In case you have Sipser's Introduction to the Theory of Computation 3rd edition, I am asking specifically about the proof of theorem 5.3, how the language REGULAR_TM is undecidable. \begin{equation} REGULAR_{TM} = \{\langle M\rangle | M \text{ is a } TM \text{ and } L(M) \text{ is a regular language}\} \end{equation} Here is the proof from Sipser:
We let $R$ be a $TM$ that decides $REGULAR_{TM}$ and construct $TM$ $S$ to decide $A_{TM}$ (the acceptance problem for Turing Machines). Then $S$ works in the following manner:
$S = $ "On input $\langle M, w\rangle$, where $M$ is a $TM$ and $w$ is a string:
Construct the following $TM$ $M_2$
$M_2 =$ "On input $x$:
- If $x$ has the form $0^n1^n$, accept.
- If $x$ does not have this form, run $M$ on input $w$ and accept if $M$ accepts $w$"
Run $R$ on input $\langle M_2\rangle$
If $R$ accepts, accept; if $R$ rejects, reject."
I get that the idea is to show that if we can decide $REGULAR_{TM}$ then we can decide $A_{TM}$, which is a contradiction and hence $REGULAR_{TM}$ is undecidable. I see the big picture idea with $M_2$: in step 1, $M_2$s construction gives a nonregular language and step 2 in $M_2$s construction gives a regular language if $M$ accepts $w$. This looks to me as if we have two disjoint cases in which $L(M_2)$ can be regular or nonregular, and then when $R$ is given the encoding of $M_2$ it can decide whether $M_2$'s language is nonregular or regular and specifically regular iff $M$ accepts $w$, hence deciding $A_{TM}$.

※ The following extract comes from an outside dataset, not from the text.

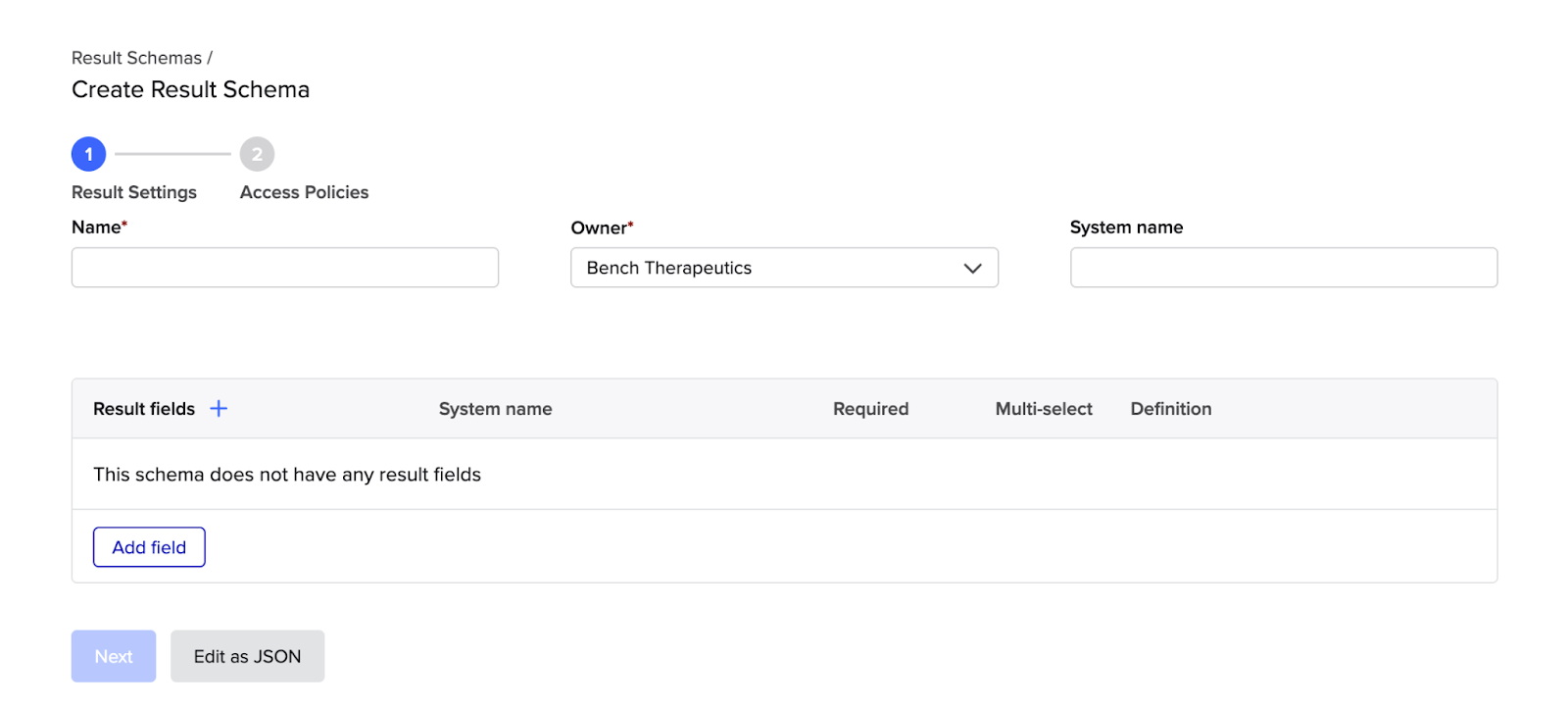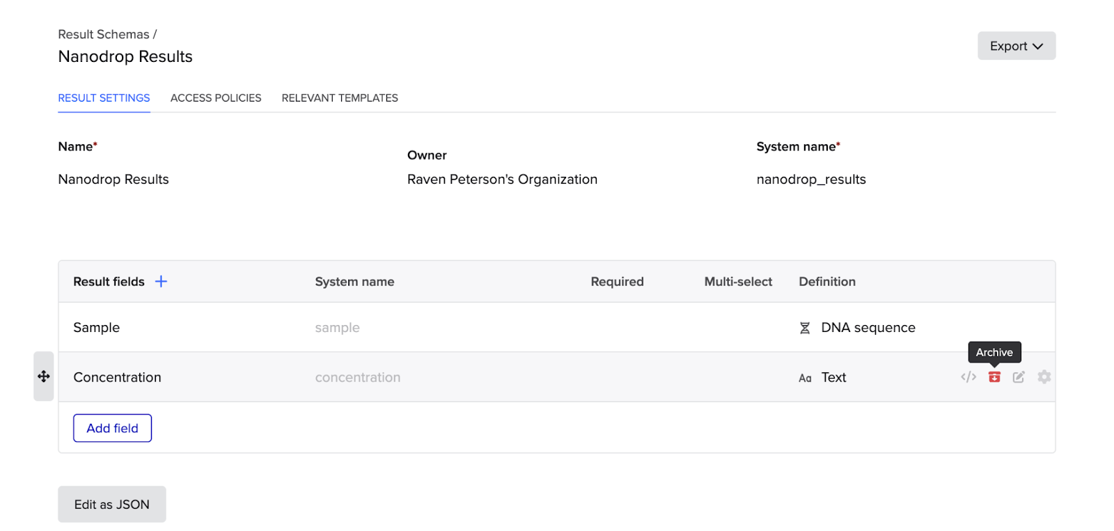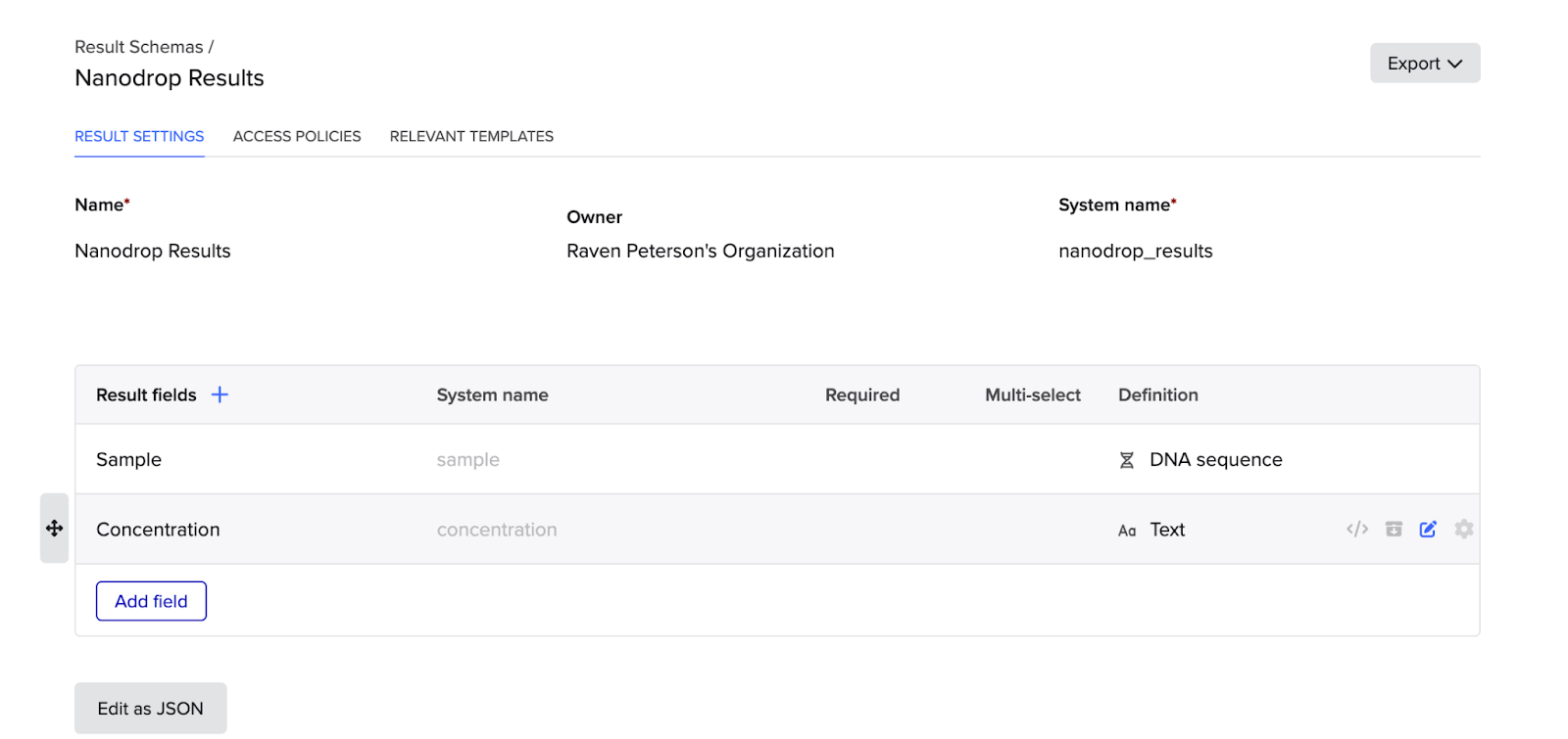 Result schemas are configured by organization-level admins or teams with admin privileges to meet your team’s specific needs based on the types of experiments and assays you perform.

- What I do not understand is how step 2 in $M_2$'s construction gives a regular language if $M$ accepts $w$.
- Sipser says that if $M$ accepts $w$ then $M_2$ will accept $\sum^*$ (which is short for $(0 \cup 1)^*)$ which is a regular expression and hence a regular language. I do not see how this works either...
Thanks for all the help and let me know if you need any clarifications.
Remember that when you construct $M_2$, you're embedding a constant TM $M$ to be run on a constant string $w$. $M_2$ is then accepting any string $x$ iff $M$ accepted $w$, which makes $L(M_2) = \Sigma^*$, a regular language. Note that all strings of the form $0^n1^n$ are obviously within $\Sigma^*$.
Now, suppose $M$ did not accept $w$, then case 2 of $M_2$ would simply be to "reject otherwise". Thus $L(M_2)$ is now only strings of the form $0^n1^n$, which is not regular.
Thus, if $R$ can decide whether $M_2$ is regular, it also could indirectly decide whether some TM $M$ accepts a string $w$.